Pictures excluded, output the lines of the data below between the one holding "Agenda Floral Preto" and the one holding "简洁利落的线条勾勒出葫芦轮廓", inclusive, exactly as they stand.

[Supplied records]
================
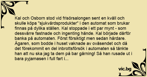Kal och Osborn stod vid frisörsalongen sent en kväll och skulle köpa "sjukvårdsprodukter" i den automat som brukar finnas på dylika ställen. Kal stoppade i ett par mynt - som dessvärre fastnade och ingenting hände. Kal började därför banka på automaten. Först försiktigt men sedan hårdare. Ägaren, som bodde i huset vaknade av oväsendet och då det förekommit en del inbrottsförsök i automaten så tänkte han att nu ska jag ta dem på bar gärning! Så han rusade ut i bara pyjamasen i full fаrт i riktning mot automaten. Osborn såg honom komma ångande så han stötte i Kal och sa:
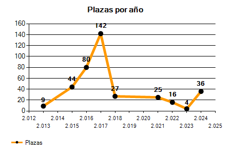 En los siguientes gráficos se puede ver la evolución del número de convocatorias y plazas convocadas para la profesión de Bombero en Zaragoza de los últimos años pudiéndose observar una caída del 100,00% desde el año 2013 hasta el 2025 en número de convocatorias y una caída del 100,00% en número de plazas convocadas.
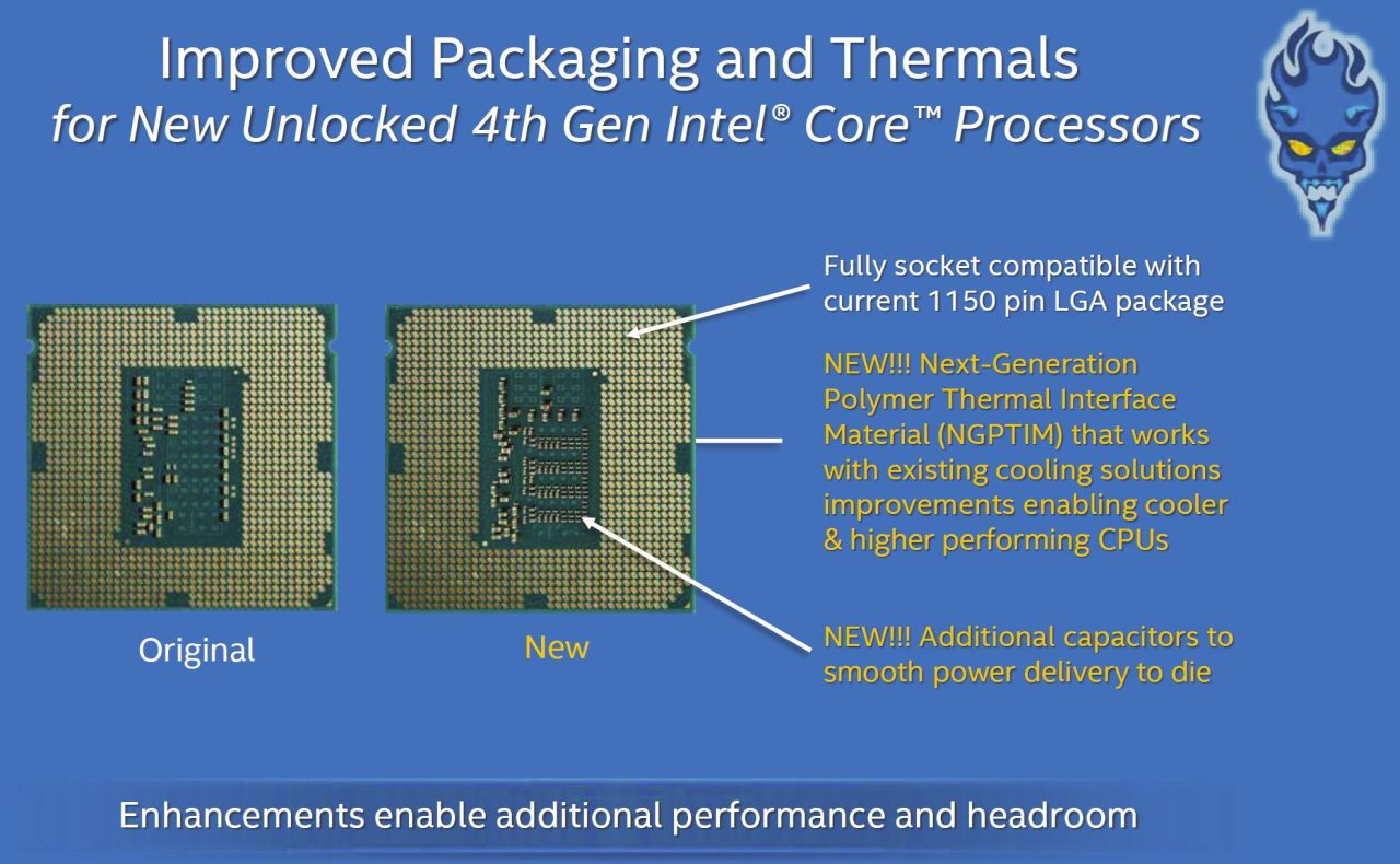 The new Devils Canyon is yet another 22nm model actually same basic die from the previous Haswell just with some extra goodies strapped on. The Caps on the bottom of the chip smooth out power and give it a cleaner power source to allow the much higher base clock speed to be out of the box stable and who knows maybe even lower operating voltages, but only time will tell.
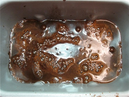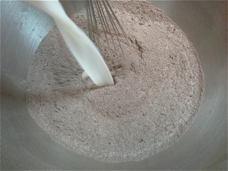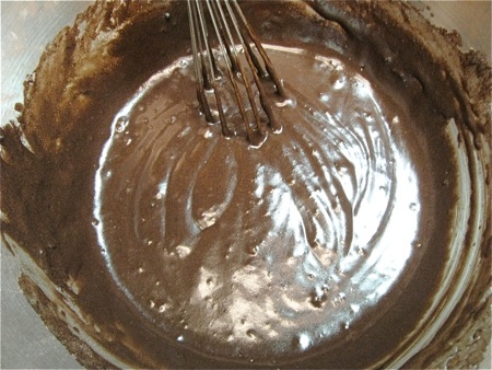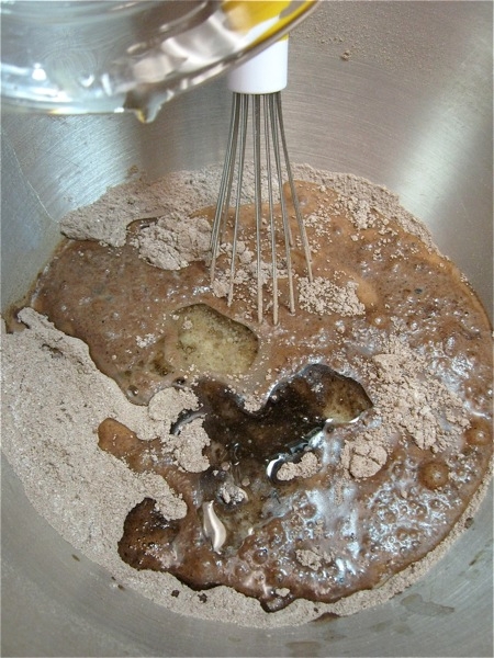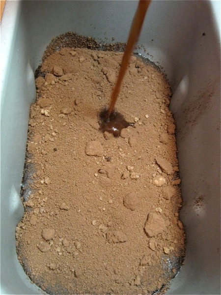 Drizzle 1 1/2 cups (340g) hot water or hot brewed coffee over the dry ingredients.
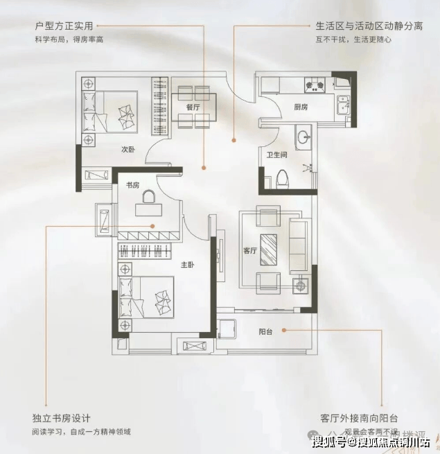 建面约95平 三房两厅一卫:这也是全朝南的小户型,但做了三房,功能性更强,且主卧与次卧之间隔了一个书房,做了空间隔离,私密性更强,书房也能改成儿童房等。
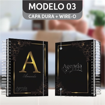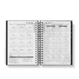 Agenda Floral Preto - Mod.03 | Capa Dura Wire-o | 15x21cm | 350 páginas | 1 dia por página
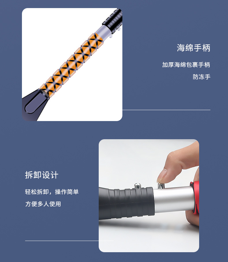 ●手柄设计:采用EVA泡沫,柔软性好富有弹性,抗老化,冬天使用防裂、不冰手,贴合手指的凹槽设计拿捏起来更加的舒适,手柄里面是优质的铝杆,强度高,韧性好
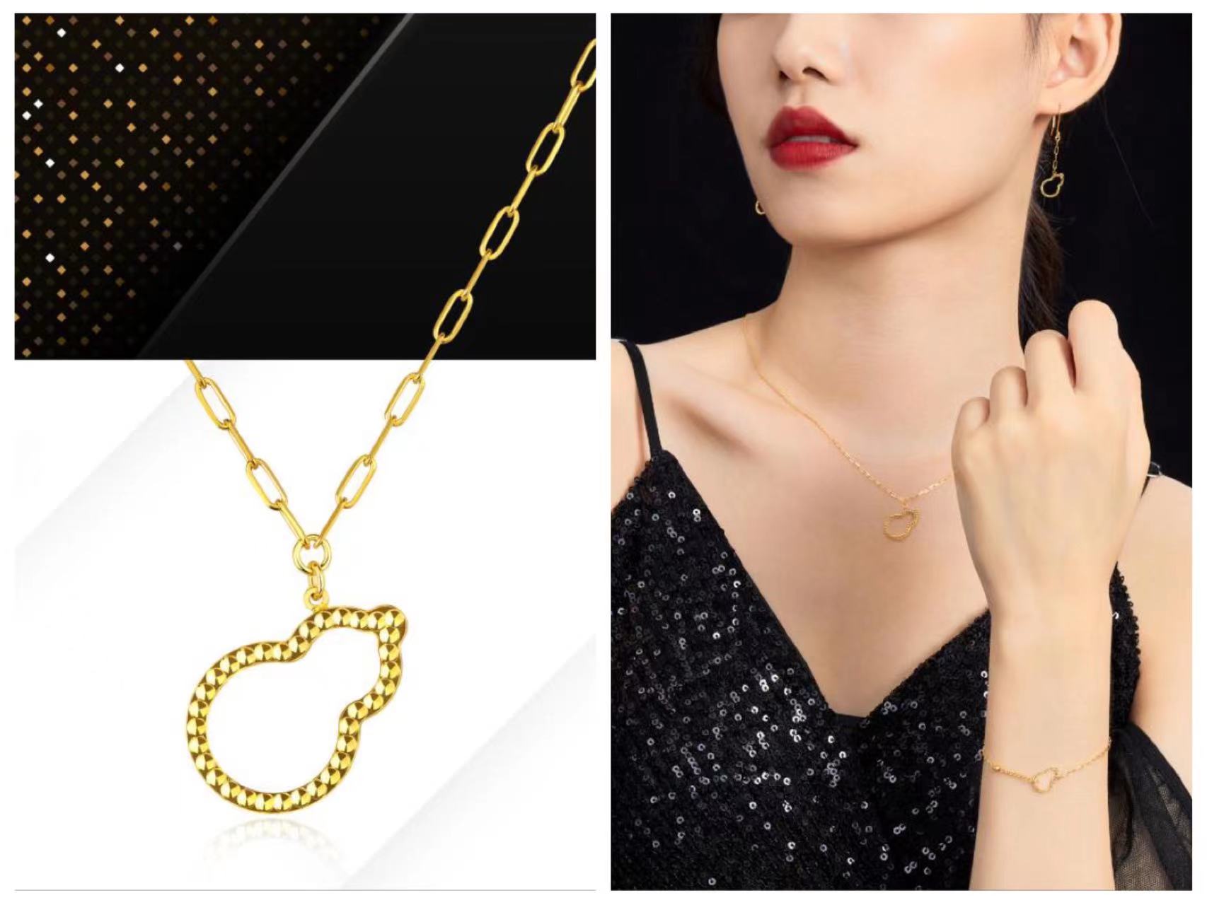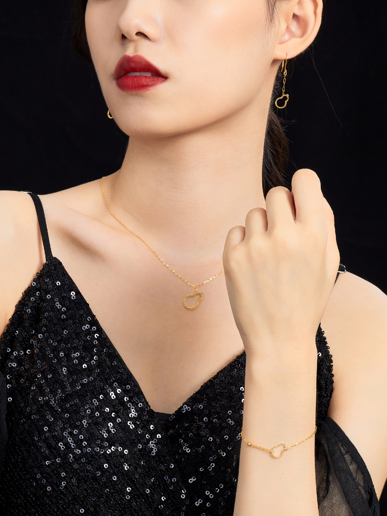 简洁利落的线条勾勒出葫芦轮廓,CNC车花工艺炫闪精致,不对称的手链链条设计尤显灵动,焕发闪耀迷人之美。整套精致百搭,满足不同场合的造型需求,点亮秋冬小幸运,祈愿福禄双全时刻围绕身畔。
================
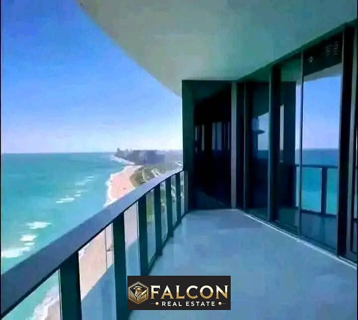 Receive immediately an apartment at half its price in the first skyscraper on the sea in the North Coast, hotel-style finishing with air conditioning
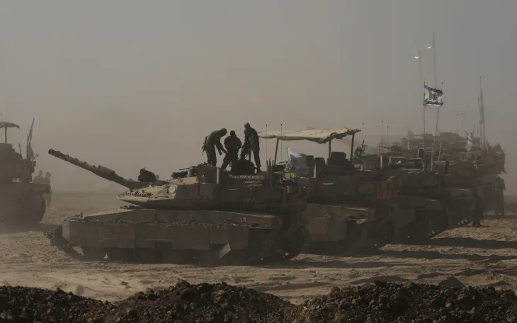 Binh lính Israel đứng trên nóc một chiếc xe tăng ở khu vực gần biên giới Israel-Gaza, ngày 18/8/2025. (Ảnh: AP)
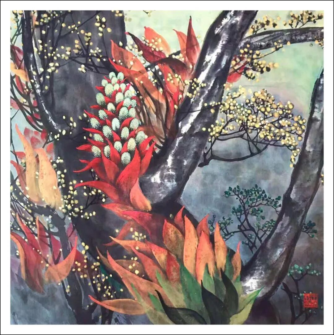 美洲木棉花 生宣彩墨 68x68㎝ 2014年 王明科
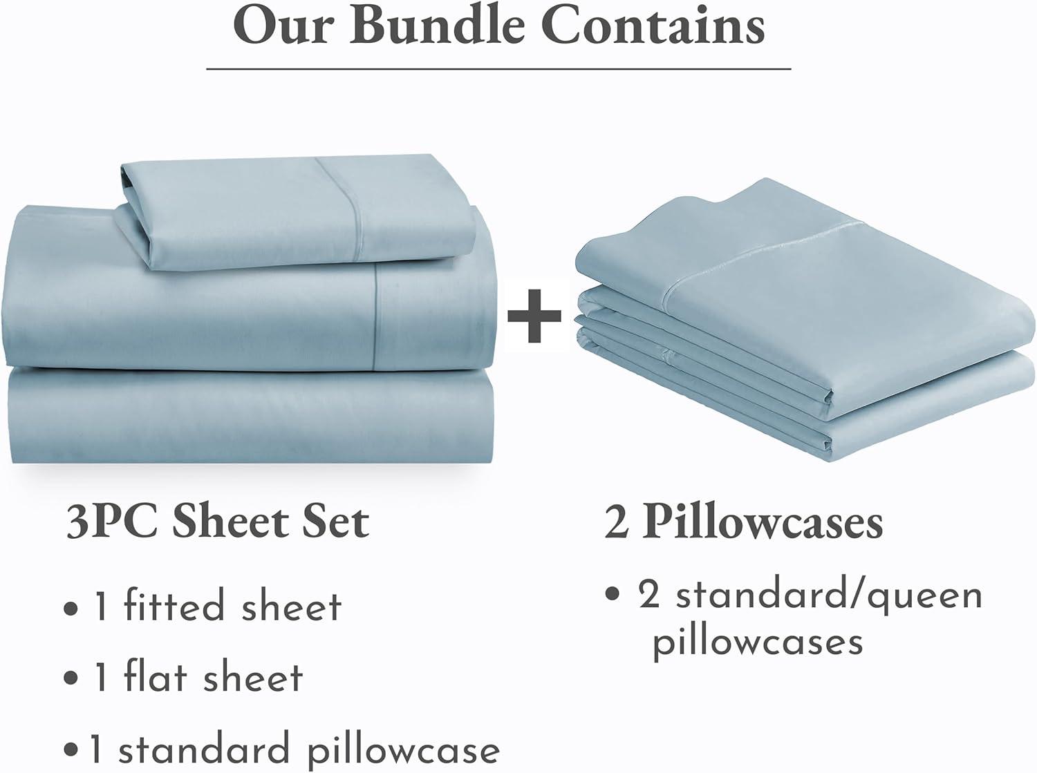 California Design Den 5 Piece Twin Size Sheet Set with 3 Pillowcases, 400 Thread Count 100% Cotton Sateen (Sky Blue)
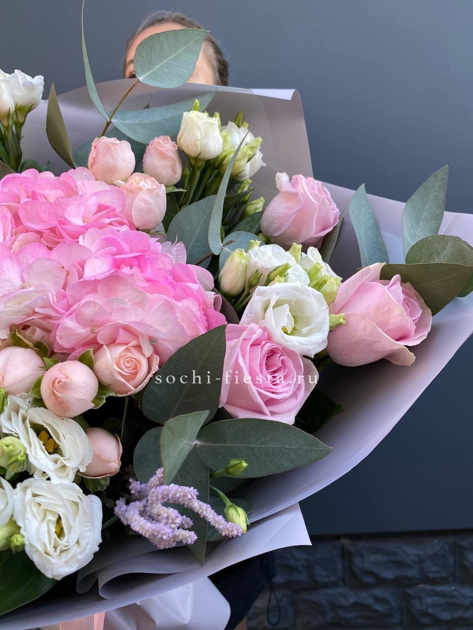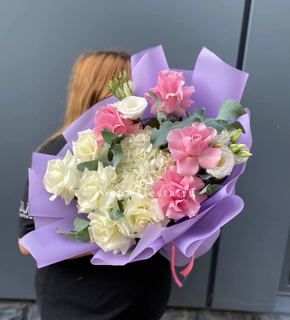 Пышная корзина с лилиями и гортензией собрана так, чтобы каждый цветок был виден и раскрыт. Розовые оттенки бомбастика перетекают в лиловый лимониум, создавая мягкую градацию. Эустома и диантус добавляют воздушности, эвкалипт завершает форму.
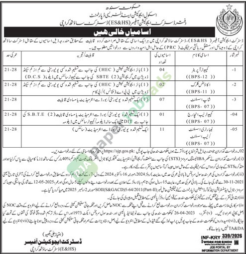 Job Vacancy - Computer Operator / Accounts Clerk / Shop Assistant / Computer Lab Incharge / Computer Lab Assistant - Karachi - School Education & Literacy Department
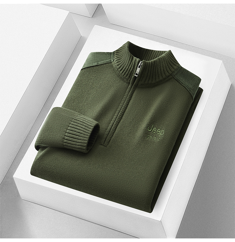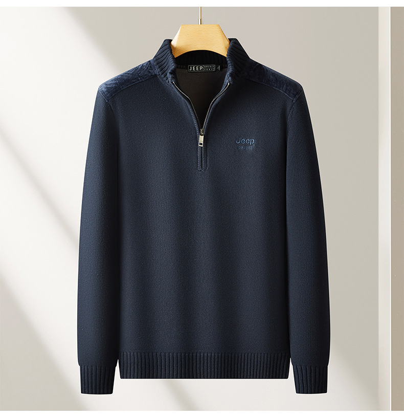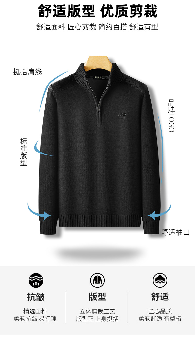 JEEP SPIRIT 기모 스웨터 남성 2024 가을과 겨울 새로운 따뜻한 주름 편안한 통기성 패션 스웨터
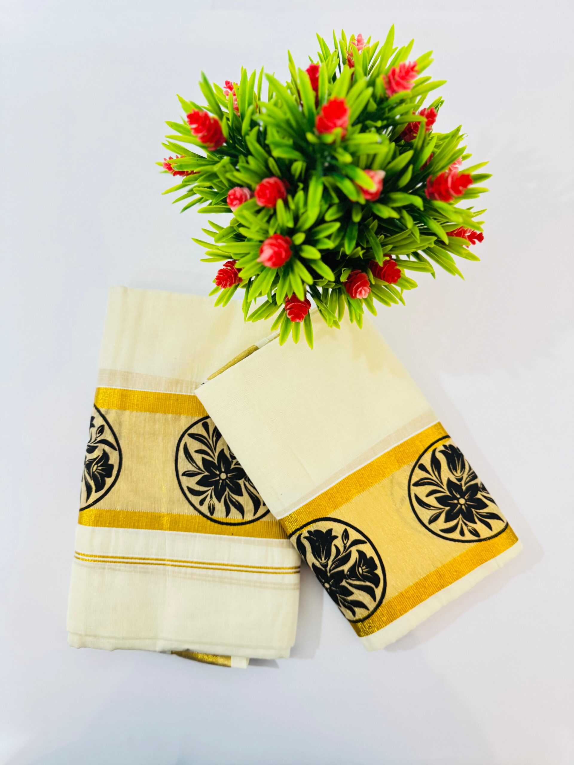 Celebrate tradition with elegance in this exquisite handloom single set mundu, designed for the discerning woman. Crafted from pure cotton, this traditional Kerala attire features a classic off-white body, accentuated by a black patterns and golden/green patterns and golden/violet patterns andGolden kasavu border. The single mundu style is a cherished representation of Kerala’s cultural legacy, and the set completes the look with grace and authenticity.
================
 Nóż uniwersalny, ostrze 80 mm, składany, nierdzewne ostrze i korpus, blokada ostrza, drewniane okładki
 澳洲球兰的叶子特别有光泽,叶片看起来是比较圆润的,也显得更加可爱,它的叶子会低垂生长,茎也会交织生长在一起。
================
[Exercise result]
 Agenda Floral Preto - Mod.03 | Capa Dura Wire-o | 15x21cm | 350 páginas | 1 dia por página
 ●手柄设计:采用EVA泡沫,柔软性好富有弹性,抗老化,冬天使用防裂、不冰手,贴合手指的凹槽设计拿捏起来更加的舒适,手柄里面是优质的铝杆,强度高,韧性好
 简洁利落的线条勾勒出葫芦轮廓,CNC车花工艺炫闪精致,不对称的手链链条设计尤显灵动,焕发闪耀迷人之美。整套精致百搭,满足不同场合的造型需求,点亮秋冬小幸运,祈愿福禄双全时刻围绕身畔。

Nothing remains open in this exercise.